Kailey Rigelhof et son mari, Trevor Bruce, partagent la même inquiétude. Ils ont appris qu’ils ne peuvent rester qu’une nuit supplémentaire dans leur Airbnb, mais leur vol le plus proche avec Air Canada n’est prévu que pour le 1er mars.
« Il nous reste une miche de pain que nous partageons à cinq dans l’appartement et tous les magasins autour sont pillés ou incendiés », raconte Rigelhof, 34 ans, originaire de Brechin, en Ontario. Ils étaient venus fêter l’anniversaire de Trevor, il y a une semaine, et tout se passait jusqu’à ce que le chaos éclate dimanche.
« C’est la première et la dernière fois au Mexique », ajoute-t-elle, dépitée. « Pour l’instant, on essaie surtout de faire changer notre vol ou de trouver une solution pour rentrer chez nous. »
Un porte-parole d’Airbnb a déclaré au Star que la plateforme a activé sa politique en cas d’événements perturbateurs majeurs pour toute la région de Jalisco et les zones impactées, offrant un soutien aux voyageurs pour annulations et remboursements. « Nous surveillons la situation de près et soutenons nos invités et hôtes dans ces zones affectées », a-t-il affirmé.

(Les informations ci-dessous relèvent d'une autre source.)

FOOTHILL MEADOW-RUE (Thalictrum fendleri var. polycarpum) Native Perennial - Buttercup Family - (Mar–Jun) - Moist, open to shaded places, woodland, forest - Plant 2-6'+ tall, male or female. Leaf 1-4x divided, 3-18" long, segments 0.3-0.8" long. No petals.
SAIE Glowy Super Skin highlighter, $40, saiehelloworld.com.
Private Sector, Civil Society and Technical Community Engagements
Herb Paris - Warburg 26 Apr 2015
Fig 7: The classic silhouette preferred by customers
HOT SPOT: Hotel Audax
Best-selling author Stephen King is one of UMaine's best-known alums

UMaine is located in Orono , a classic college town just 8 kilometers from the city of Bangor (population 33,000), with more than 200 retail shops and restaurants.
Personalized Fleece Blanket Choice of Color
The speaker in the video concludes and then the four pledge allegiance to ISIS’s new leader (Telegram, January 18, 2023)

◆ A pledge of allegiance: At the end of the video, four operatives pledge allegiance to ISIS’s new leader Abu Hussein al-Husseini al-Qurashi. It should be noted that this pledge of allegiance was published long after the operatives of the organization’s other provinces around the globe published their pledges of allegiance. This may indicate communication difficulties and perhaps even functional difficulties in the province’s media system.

Une relance rapide du tourisme au Mexique ?
Selon des experts en voyages, si votre départ est prévu dans peu de temps, il pourrait être prudent d’envisager d’annuler votre voyage, étant donné l’incertitude qui plane autour des vols.

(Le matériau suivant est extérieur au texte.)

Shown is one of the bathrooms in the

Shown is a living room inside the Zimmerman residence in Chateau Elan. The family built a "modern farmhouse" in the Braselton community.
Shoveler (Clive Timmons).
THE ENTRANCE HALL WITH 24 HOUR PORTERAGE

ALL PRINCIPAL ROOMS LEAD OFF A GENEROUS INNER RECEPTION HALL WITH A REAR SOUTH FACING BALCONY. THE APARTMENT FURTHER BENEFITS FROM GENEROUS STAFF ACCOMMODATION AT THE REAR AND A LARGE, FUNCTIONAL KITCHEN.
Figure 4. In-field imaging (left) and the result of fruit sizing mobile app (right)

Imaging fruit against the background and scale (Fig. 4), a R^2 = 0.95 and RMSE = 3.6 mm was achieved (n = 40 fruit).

« Pour ceux qui doivent partir dans un mois ou dans cinq ou six semaines, je ne serais pas encore trop inquiet. On peut attendre de voir comment la situation évolue », explique Frédéric Dimanche, professeur à l’École de gestion hôtelière et touristique de l’Université de Toronto. Il recommande à ceux qui doivent voyager de souscrire une assurance voyage pour couvrir tout imprévu.
Il est encore difficile de prévoir l’impact que cette récente vague de violence pourrait avoir sur l’économie touristique mexicaine à court terme. Certaines personnes pourraient renoncer à leurs vacances ou changer de destination pour éviter les risques immédiats.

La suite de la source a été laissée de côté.